While the likelihood of BCMA expression within the CNS was considered to be very low, none of the detection methods used have defined thresholds for positive results. We therefore cannot completely exclude the possibility that BCMA is expressed at low densities on cells within the CNS. Given the high sensitivity of CAR-T cells to very low densities of target antigen, we included the possibility of CNS expression of BCMA within the consent form for our phase I clinical trial, and we further incorporated rigorous assessment of neurologic function, especially fine motor control, by a neurologist performed at baseline and during post-treatment assessments out of an abundance of caution. Our experience using commercially available antibodies illustrates the critical importance of rigorous validation of antibodies used for preclinical assessments of CAR-T cell target antigens.
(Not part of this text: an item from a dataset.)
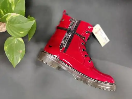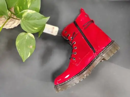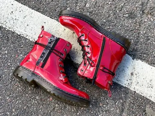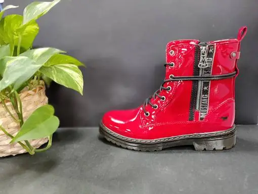 Mustangilla on jälleen pistetty parasta yksityiskohtien kanssa! Kiiltäväpintaisten punaisten maihareiden ulkosyrjällä on näyttävä koristeveteketju upealla vetimellä, sekä mustaharmaata Mustang-tekstillä varustettua kangasnauhaa. Kengännauhat voi halutessaan sommitella monella eri tavalla, sillä kengän varteen on sijoitettu lenkki, josta nauhat voi pujottaa. Kannan korkeus noin 3,5cm, edestä noin 2cm.

Carpenter, et al. [17] previously demonstrated that antibody Fab fragment sequences targeting BCMA could be converted into an scFv format binding element to constitute a functional CAR with anti-myeloma activity. The authors demonstrated in vivo activity of one clone up to 15 days and animal survival up to 30 days in a subcutaneous myeloma model. A key aspect of the work detailed here is the assessment of the anti-tumor activity of multiple clones in vivo in a prolonged study which revealed differences amongst the clones in their durability of anti-myeloma activity in a disseminated tumor model. Durability of clinical response in CD19 directed CART therapy has been correlated with the persistence of CART cells [33]. Therefore, durable and consistent in vivo activity of the BCMA-targeting CARTs when produced in T cells from 2 different donors was a critical parameter for selection of the clinical candidate construct. The consistency of durable activity of clone 10 in both studies suggests it may be more refractory than the other clones to donor variability. Based upon the selection of a highly active and specific BCMA-targeting CAR clone described here, we opened a clinical trial (NCT02546167) that is testing the safety and efficacy of autologous CART cells expressing BCMA CAR Clone 10 in patients with relapsed and/or refractory multiple myeloma. Early results from this Phase I clinical trial validate the preclinical work presented, demonstrating that the CAR derived from clone 10 is capable of mediating deep and durable responses in individuals with relapsed/refractory MM [21].


Cell lines

K562 (DSMZ) cells were cultured in IMDM with 10% FBS. K562-BCMA cells were produced from K562 cells by lentiviral transduction of the BCMA gene under the control of the EF-1 alpha promoter along with Blasticidin selection marker. K562-BCMA cells were maintained in IMDM with 10% FBS and 2 ug/ml blasticidin. NCI-H929 and RPMI 8226 (ATCC) were cultured in RPMI with 10% FBS. KMS-11 cells were obtained under MTA from the Toronto General Research Institute and stable transfected with the luciferase gene to create the KMS-11-luc cell line. The identity of all cells lines was verified by SNP testing prior to use.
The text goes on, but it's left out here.